Archive for October, 2006
Competitive Bidding On Yahoo!
Wednesday, October 25th, 2006‘Using Microformats’ by Brian Suda
Wednesday, October 25th, 2006Microformats are cool. Every time you get a few savvy web developers together and start talking about what’s interesting at the moment, someone will mention microformats and everyone else will either get overly excited or nod sagely. Using Microformats by Brian Suda is for the latter group of people. You might have visited the website a few times, probably marked up a couple of contact details for your last project using hCard and installed the Tails firefox extension, but you don’t quite have that zen feeling yet, you don’t know all the class names off the top of your head and you’re not constantly checking for new microformats or writing your own.
With just forty five pages, Using Microformats is part of the O’Reilly Short Cuts series of PDF books; you get a solid history of microformats, the background behind the idea, a run down of several microformats as well as example implementations and future ideas. The short format works really well here, anything more and it would need padding out and the price ($9.99 USD ) is about right too. (The Short Cuts series could maybe do with a little more work with regards to the typography and layout, but this is a minor bugbear.)
The author, Brian Suda, does a good job of covering a lot in a short number of pages. As one of the authors of hCard and creator of several microformat-related tools, including X2V and the essential Microformats Cheat Sheet, you know you’re getting information from the front line.
The book covers Rel-License, Rel-Nofollow, VoteLink, XFN , Rel-Tag, Rel-Directory hCard, GEO, ADR, hCalendar, hReview, hResume, hAtom and xFolk, which is pretty good going! It also makes a good, sensible, division between elemental and compound microformats, as well as discussing some of the design patterns. Each section gives you a good idea of where to use it, as well as how to add the markup and relevant classes to your site. A section on styling microformated data also adds to the real world feel. This is all the information you need to know to get going.
My personal favorite bits were the ideas; things that could be just round the corner, especially if someone reading this wants a pet project. Microformats and Javascript libraries, microformat-enabled search, microformat aware applications (oh and hRecipe) are just a few of nuggets in the book. Throughout the book you get a good sense of why microformats are a good idea, and a sense of why so many people, obviously including the author, are so passionate about them.

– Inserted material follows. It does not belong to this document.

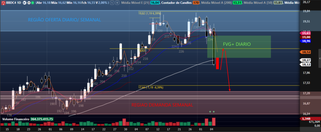 BBDC4 fechou a sexta-feira ativando setup baixistas, confirmando uma figura de reversão em topo, ancorado em região de oferta no diário/semanal. Caso confirme mais um fechamento baixista, preferencialmente perdendo a mm50, pode deixar ineficiências (FVG+), região ideal para tentar vendas com alvo inicial na região de demanda no semanal 17,19-16,59. Atentar para um payoff favorável, evitar entradas abaixo do 18,63.

The only real problem is the subject. Microformats are moving so quickly a book like this will go out of date in relatively short order. This would be a major problem for a printed book, but the low price and PDF format make this less of an issue here.
Using Microformats is a good evening’s read and a useful reference - although you’ll likely gravitate towards the Microformats Wiki and community over time. It can be a little technical and hard going in places, the typography doesn’t always help here, and it can come across like a series of high quality blog posts in places which, depending on your point of view, could be a good or bad thing. Overall, I learnt quite a bit, picked up a few ideas along the way and was busy reading it moments after paying my money. Recommended.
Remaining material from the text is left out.